Virüsle ilgili paylaşım yapmaktan kork!
Enver Aysever'e soruşturma açıldı bu yüzden.
Bu gürültü patırtıda…
Onun için, yazıya besmeleyle başlar gibi başlayıp, önce, yazacaklarımız yanlış anlaşılmasın, diyelim.
Virüsle mücadeleyi…
Her türlü mücadeleyi yürekten destekliyoruz elbette.
Herkes…
Her kesim elinden gelen çabayı gösteriyor.
Fakat…
Bazı kesimler var ki…
Yangından mal kaçırır gibi.
Her biri bir yerinden tutmuş virüsün.
Çekiyor.
Virüs değil de ortalıkta olan, büyük bir pasta sanki.
Bazı sektörlerin vergi ve SGK primlerinin; nisan, mayıs, haziran ödemeleri altışar ay ertelendi.
'Neşeleri yerinde!'
Böyle bir zamanda…
Virüs dünya üzerinde binlerce insanın ölümüne neden olurken hangi insanın neşesi yerinde olabilir ki?
Daha neler neler; virüsle, salgın hastalıkla ilgisi alakası olmayan kararlar, harcamalar…
***
Bazı kesimlere sunulan avantajları gören hırsızlar da bir video çekmiş, internette dolaşıyor.
'Biz hırsızız. İşimiz bu.
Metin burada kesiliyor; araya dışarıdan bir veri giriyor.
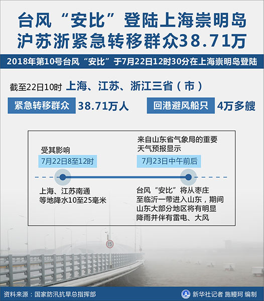 22日早上8點(diǎn),今年第10號(hào)臺(tái)風(fēng)“安比”的中心位于上海東南方約160公里,過(guò)去3小時(shí)“安比”向西北方向移動(dòng)約70公里,預(yù)計(jì)將于22日中午前后在上海到江蘇啟東一帶沿海登陸。2018-07-22 12:09:53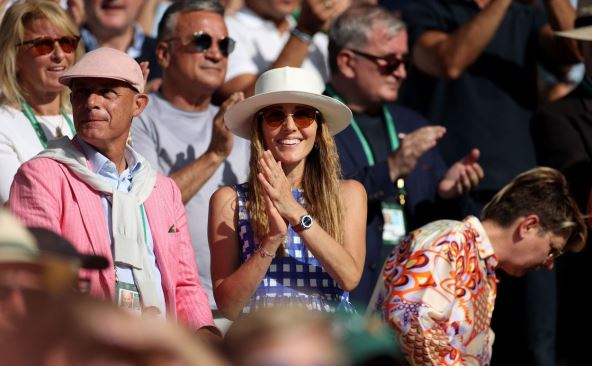Preko suknje je imala zanimljivu plavo-belu dužu bluzu bez rukava, obavezni šešir i - njen zaštitni znak ovog leta - skupocenu Dior torbu. Sin Stefan i ćerka Tara su je pratili u šetnji niz ulicu u kojoj su smešteni tokom popularnog engleskog turnira.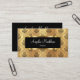 Classy and glitzy real estate business card design created with an elegant floral damask pattern overlaid on simulated gold metallic artwork background with your name or company featured on the front. Designed for a Realtor, Broker, property manager, or realty services.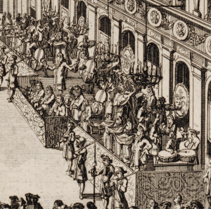 There are however plenty of continental sources, and if the number of images and events recorded it was France who led the way. This drawing shows a display in the grounds of the Palais Royal in Paris in 1642 in front of Louis XIII and his wife Anne of Austria. It gives a clear indication of the way such events were laid out, organised and policed.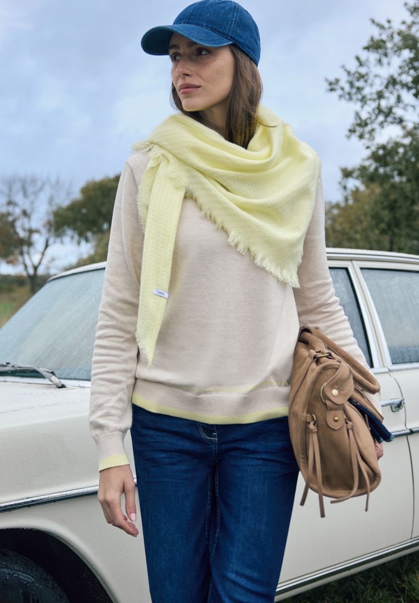 Dieses unifarbene Dreieckstuch von CECIL für Damen überzeugt mit feinen Fransen und einem angenehm soften Griff. Der klassische Schnitt lässt sich vielseitig tragen und macht das Tuch zu einem dezenten Begleiter für verschiedene Looks. Stofftuch Casual Unifarbe Feine Fransen Angenehmer Tragekomfort Material: 100% Polyester FARBNR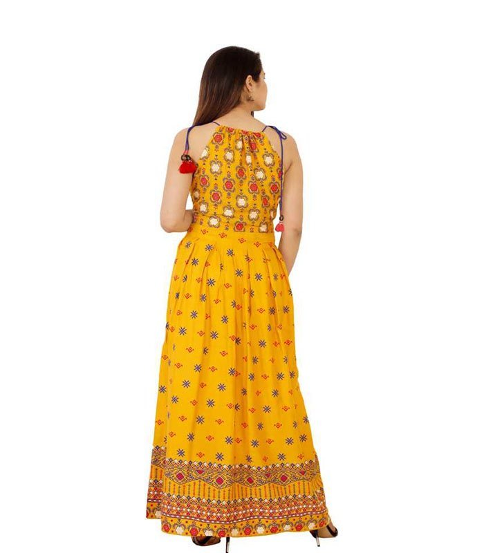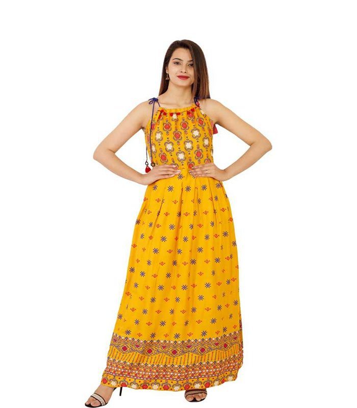 Comfortable Long Dress Jaipuri Printed in Rayon Fabric For Parties, Festivals and for wedding occasions even works fabulous in Clubs parties.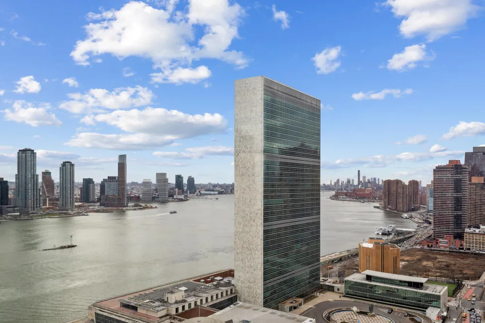 Recently repriced, this sophisticated and sun-drenched, corner three-bedroom, three bathroom luxury condominium residence designed by architect Sir Norman Foster, provides panoramic sweeping views of the East River, The United Nations, Empire State and Chrysler buildings. It spans approximately 2609 square feet and has 11" ceilings.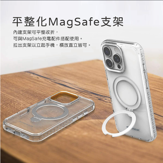 平整化Magsafe支架,內建支架可平整收折,兼容Magsafe無線充電。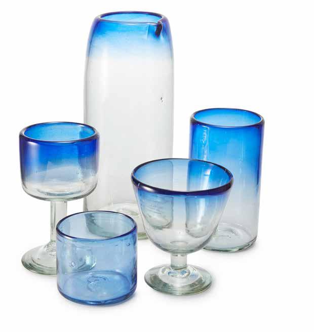 D . Iridescent Turquoise Glassware, $16-$98 E . Ombré Indigo Napkin, $26 F. Ombré Teal Napkin, $26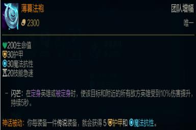 而上单大树的神话装备薄暮法袍,也是将大树打团的特性发挥到极致,别看薄暮法袍属性不咋地,但他的被动是真的强,目标及附近的敌人,受到10%的伤害增幅,大树QWR浑身控制,几乎能将这个debuff持续挂在敌人身上。

Evlere girip ufak tefek bir şeyler çalarak geçimimizi sağlıyoruz. Şimdi herkes evinde… İşimizi yapamıyoruz. Mağduruz. Buradan yetkililere sesleniyorum, bize de bir fon ayrılsın,' diyorlar.
Onlar da virüsten pay istiyor.
***
Yaşlılara da kolonya ile maske verilecek…
Talep etmeleri halinde…
Sağlık çalışanlarına düşense…
En riskli kesime düşense alkışlanmak!
Her akşam saat dokuzda...
Unutmayın.
Kapısını kapatıp kendinizi güvenceye aldığınız evlerinizin balkonuna çıkıp onları birkaç dakika alkışlamayı unutmayın.
Tiyatro oyuncularına…
Sanatçılara…
Biz yazıp çizenlere de düşen sadece alkıştır aslında çoğu zaman.
'Yazılarını okuyorum, çok güzel yazıyorsun.'
Hepsi bu!
Fakat işte, alkış karın doyurmuyor.
Hastanede yatıp kalkan sağlıkçının, bu günlerde okula gidemeyen çocuğu için tuttuğu bakıcının parasını ödemeyecek sizin her akşam saat dokuzda, evinizin balkonundan sunduğunuz alkışlar.
Bir maaş ikramiye ödenebilir mesela onlara.
Atama bekleyen sağlıkçılar atanabilir.
Ve artık hiçbir sağlıkçı görevi başında darp edilmeyebilir.
Sadece şimdi değil, her zaman, bizim için ne kadar değerli oldukları hissettirilebilir onlara.